Issue Writing Skill
This skill guides the creation of well-structured, actionable Linear issues that any developer or AI can pick up and execute independently.
When to Use
Apply this skill when:
- •Writing or drafting issue descriptions
- •Defining acceptance criteria for tasks
- •Breaking down features into sub-issues
- •Reviewing existing issues for clarity
- •Users ask how to document requirements
Issue Structure: Parent Feature Issues
markdown
## IMPORTANT: Linear Issue Discipline [Standard discipline rules] --- ## Problem [1-2 sentences: Why does this feature need to exist?] ## Solution [1-2 sentences: What are we building to solve this?] ## High-Level Implementation [Bullet points: Key technical decisions, patterns] ## Codebase Investigation Findings [What patterns to follow, similar features, code locations] ## Out of Scope / Deferred [Explicitly list what we're NOT doing]
Issue Structure: Sub-Issues / Tasks
markdown
## Objective [1-2 sentences: What specific thing needs to be done?] ## Acceptance Criteria - [ ] [Specific, testable criterion 1] - [ ] [Specific, testable criterion 2] - [ ] [Specific, testable criterion 3] ## Implementation Notes - Relevant files: [paths] - Patterns to follow: [reference] - Dependencies: [other issues]
Writing Good Acceptance Criteria (SMART)
- •Specific: Clear about what exactly needs to happen
- •Measurable: Can objectively verify if it's done
- •Achievable: Within scope of this single issue
- •Relevant: Directly related to the objective
- •Testable: Can be validated by running/checking
Principles for Issue Writing
- •Self-Contained Context - Everything needed to understand and execute
- •What, Not How - Describe outcome, not implementation
- •Appropriate Granularity - Not too big, not too small
- •Link to Resources - Design, API docs, related issues
- •State Assumptions - Make implicit expectations explicit
Anti-Patterns to Avoid
- •Vague objectives: "Improve the dashboard"
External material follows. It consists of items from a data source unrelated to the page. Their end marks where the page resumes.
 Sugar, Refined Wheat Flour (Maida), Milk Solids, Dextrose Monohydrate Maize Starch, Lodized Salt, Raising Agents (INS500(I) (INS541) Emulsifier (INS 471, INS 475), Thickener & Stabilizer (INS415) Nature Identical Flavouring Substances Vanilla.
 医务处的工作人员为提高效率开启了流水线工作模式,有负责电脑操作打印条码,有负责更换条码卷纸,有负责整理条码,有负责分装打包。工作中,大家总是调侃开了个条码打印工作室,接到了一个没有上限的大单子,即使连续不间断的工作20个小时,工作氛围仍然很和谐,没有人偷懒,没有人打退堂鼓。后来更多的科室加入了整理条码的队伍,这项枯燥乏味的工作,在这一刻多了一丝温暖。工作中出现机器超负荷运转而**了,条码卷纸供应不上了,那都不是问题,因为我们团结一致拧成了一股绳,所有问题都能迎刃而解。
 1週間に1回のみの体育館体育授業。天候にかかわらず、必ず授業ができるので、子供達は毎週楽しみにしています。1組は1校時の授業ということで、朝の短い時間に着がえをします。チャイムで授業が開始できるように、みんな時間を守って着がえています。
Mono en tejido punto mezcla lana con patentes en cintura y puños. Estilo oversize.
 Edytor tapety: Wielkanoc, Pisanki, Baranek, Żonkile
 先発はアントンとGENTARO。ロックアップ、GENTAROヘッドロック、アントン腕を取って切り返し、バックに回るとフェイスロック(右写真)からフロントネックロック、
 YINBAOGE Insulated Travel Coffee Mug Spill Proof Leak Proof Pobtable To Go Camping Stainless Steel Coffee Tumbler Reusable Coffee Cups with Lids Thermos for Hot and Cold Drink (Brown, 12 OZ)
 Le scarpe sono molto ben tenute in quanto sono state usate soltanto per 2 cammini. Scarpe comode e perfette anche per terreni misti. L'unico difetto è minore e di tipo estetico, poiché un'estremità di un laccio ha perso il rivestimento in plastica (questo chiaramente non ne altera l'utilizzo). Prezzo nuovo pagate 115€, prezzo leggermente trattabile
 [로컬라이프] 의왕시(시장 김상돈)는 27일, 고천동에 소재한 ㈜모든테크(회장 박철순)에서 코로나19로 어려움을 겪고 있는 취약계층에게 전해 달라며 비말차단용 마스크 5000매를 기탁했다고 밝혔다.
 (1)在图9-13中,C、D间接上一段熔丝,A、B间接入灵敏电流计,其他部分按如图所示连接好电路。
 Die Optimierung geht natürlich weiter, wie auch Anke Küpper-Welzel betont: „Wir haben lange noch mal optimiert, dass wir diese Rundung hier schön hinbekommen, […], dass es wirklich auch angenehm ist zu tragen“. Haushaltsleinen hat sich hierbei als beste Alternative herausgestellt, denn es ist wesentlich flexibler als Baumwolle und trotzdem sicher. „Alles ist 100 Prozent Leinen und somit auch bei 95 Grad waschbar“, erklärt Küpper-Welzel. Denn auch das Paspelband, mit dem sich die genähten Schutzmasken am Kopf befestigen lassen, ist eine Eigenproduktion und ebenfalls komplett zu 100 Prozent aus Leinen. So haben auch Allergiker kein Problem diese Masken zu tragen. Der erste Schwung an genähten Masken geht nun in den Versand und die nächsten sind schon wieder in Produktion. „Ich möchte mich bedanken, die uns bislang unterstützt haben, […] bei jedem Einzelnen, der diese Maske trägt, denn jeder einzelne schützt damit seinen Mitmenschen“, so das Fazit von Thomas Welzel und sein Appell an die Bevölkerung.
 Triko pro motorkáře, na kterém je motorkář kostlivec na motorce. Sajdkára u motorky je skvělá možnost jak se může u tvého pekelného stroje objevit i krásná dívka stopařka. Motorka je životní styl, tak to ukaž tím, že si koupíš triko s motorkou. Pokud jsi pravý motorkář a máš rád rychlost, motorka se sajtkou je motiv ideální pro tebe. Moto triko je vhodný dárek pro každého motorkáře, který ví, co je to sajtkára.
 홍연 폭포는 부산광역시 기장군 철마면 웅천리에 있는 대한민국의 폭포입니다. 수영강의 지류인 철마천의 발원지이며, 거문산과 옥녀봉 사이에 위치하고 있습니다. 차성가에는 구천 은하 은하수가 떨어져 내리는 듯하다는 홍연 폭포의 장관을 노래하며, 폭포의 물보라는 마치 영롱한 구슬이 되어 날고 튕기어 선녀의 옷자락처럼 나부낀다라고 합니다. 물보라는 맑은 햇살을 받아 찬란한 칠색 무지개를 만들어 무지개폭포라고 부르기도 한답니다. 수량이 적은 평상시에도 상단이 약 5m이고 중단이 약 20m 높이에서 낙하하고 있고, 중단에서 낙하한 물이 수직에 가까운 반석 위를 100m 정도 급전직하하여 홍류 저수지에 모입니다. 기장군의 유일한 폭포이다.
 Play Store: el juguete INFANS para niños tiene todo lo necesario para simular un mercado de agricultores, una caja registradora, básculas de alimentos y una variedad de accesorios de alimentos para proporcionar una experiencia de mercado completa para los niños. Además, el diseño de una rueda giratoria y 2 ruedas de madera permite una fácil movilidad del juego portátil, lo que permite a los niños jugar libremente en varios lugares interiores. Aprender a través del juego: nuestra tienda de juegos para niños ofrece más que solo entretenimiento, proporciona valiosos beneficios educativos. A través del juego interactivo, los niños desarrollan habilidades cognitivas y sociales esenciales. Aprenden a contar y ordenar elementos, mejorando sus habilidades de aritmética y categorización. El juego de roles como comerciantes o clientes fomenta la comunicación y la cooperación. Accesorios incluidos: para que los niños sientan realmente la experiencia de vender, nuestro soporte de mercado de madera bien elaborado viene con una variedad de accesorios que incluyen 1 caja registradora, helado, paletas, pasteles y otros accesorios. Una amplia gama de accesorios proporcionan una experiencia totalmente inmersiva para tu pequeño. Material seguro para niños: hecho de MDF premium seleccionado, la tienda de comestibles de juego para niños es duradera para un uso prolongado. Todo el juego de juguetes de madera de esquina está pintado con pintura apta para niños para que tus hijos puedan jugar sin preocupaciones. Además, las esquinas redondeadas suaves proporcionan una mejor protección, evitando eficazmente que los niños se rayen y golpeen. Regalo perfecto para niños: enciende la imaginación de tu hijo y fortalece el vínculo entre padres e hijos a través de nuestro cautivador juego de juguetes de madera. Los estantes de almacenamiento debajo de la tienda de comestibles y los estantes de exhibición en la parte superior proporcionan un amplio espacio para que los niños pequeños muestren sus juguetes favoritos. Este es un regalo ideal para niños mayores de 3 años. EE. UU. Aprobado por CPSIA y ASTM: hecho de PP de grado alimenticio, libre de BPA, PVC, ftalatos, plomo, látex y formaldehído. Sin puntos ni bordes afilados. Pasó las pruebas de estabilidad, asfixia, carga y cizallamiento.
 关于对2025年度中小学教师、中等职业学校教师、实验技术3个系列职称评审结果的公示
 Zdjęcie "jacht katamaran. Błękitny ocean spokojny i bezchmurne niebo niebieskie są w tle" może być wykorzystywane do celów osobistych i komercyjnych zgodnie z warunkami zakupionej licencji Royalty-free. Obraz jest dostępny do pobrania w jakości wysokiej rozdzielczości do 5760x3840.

- •Missing acceptance criteria: Assuming it's obvious
- •Implementation prescription: Over-specifying the how
- •Hidden dependencies: Not mentioning blockers
- •Scope creep: Adding "nice to haves"
Mermaid Diagrams in Linear Issues
ALWAYS include Mermaid diagrams when applicable. Linear supports Mermaid diagrams natively in issue descriptions. Use them to visualize:
- •User flows and interaction sequences
- •Data flow and processing pipelines
- •State machines and lifecycle transitions
- •Component relationships and dependencies
- •API/service interaction patterns
- •Entity relationships and data models
Mermaid Syntax in Linear
Use standard markdown code fences with mermaid as the language identifier:
markdown
```mermaid
flowchart TD
A[Start] --> B[End]
```
Common Diagram Types
| Type | Use Case | Syntax |
|---|---|---|
flowchart TD | Top-down user flows, process flows | flowchart TD |
flowchart LR | Left-right horizontal flows | flowchart LR |
sequenceDiagram | API calls, service interactions | sequenceDiagram |
stateDiagram-v2 | State machines, status transitions | stateDiagram-v2 |
erDiagram | Database schemas, entity relationships | erDiagram |
classDiagram | Class relationships, component structure | classDiagram |
When to Include Diagrams
Always include a diagram when:
- •Describing a multi-step process or user flow
- •Explaining how components interact
- •Documenting state transitions
- •Showing data flow between systems
- •Illustrating API call sequences
- •Mapping entity relationships
The diagram should appear in:
- •Parent issue "High-Level Implementation" section
- •Sub-issue descriptions when flow context is needed
- •Bug reports when showing expected vs actual flow
- •Any issue where visual clarity aids understanding
Remember: A good issue can be executed by anyone who reads it.